Dr. Drew points to a societal cancer

Now in its third season, “Celebrity Rehab with Dr. Drew” (9 p.m., VH1) leaves me with more questions than answers. “Rehab” chronicles Dr. Drew, a real doctor, as he counsels the well known or formerly notorious through detox, withdrawal and rehabilitation. The end goal here is supposed to be sobriety. But the means and the medium point to darker motivations.

If you accept the given that Dr. Drew is a doctor and that doctors treat the sick and take oaths to help them and to “first do no harm,” then how could a doctor exploit his patients for publicity, celebrity and money? And how could corporate sponsors help him do it? And why would viewers find this “entertaining”?

If Dr. Drew is to be believed, his charges are very sick people. This season his ward welcomes Mackenzie Phillips, Heidi Fleiss, Tom Sizemore, Dennis Rodman, Mindy McCready, Lisa D’Amato, Mike Starr and Joey Kovar.

Some may contend that the above-mentioned are merely publicity hounds and that they appear of their own free will. But many sick people have to be protected from self-destructive impulses, including the desire to exhibit their illness for money and camera time.

Call me old-fashioned, but even Sizemore has a right to privacy, and a doctor has a duty to protect even Sizemore from his worst inclinations. Instead, Dr. Drew, the so-called addiction expert, appears to be “enabling” him in all the worst ways.

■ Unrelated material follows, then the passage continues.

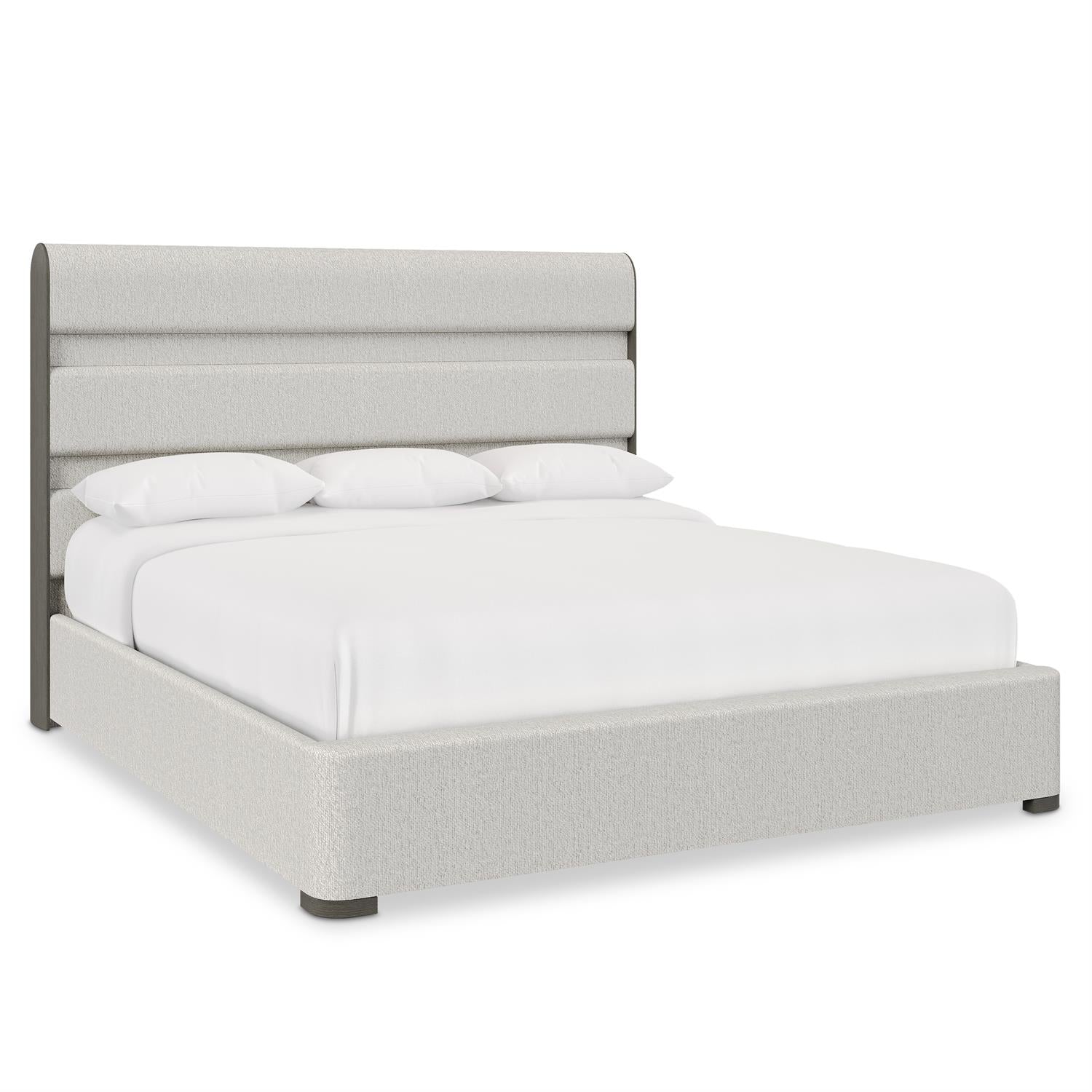 Deep channels and wood details make an elegant mark on this panel bed. Headboard has alternating upholstered and flat fabric panels in fabric B104 and wood ends and feet in Porcini finish

Put it another way. What if Dr. Drew’s cast wasn’t well-known, and presume VH1 merely trolled mental wards for anonymous subjects with “entertaining” symptoms? Would that be so different from this? What’s next? Will VH1 scour the streets and skid rows of America asking us to laugh at homeless schizophrenics? Would it be any less appalling than what goes on here? It would be almost as appalling as “Hoarders,” A&E’s popular showcase for exhibiting and exploiting mentally ill people for ratings and advertising dollars.

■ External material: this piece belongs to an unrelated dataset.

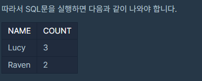 문제 동물 보호소에 들어온 동물 이름 중 두 번 이상 쓰인 이름과 해당 이름이 쓰인 횟수를 조회하는 SQL문을 작성해주세요. 이때 결과는 이름이 없는 동물은 집계에서 제외하며, 결과는 이름 순으로 조회 1. 2번 이상 쓰인 이름과 이름이 쓰인 횟수 조회 2. 이름이 없는 동물은 집계에서 제외 3. 결과는 이름 순으로 정렬 내 코드 SELECT NAME, COUNT(NAME) AS COUNT FROM ANIMAL_INS GROUP BY NAME HAVING COUNT(NAME) > 1 ORDER BY NAME; 1. Count함수로 name의 횟수를 조회 2. Group by절에 having으로 2회 이상 쓰인 name을 조회 3. Order by절로 name을 오름차순 정렬 결과 끝!

• “Planet of the Apps: A Hand-Held Revolution” (9 p.m., CNBC) examines the billion-dollar business of developing and marketing applications for iPhones, smartphones and other hand-held devices.

Like many technology boomlets that preceded it, the “apps” business has a gold-rush feel about it. “Planet” visits with successful entrepreneurs and also explains just how difficult it can be to turn a profit in this field.

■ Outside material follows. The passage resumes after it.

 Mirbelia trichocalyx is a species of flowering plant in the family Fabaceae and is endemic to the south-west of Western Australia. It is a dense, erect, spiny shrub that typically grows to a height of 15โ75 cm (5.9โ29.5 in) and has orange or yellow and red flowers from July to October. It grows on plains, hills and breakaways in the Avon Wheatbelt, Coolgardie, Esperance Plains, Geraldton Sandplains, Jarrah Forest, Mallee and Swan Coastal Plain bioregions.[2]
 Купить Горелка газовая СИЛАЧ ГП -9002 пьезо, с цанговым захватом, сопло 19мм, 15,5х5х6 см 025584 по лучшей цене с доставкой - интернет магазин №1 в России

• “Chuck” fans who can’t wait for it to return to NBC on Sunday can spend five hours with the hapless secret agent during the five-hour “Chuck” (4 p.m., Syfy) marathon.

Tonight’s other highlights

• On two episodes of “CSI” (CBS), three cases in one night (7 p.m.), Langston and Riley are taken hostage (8 p.m.).

• Alabama and Texas meet in the BCS championship game (7:30 p.m., ABC).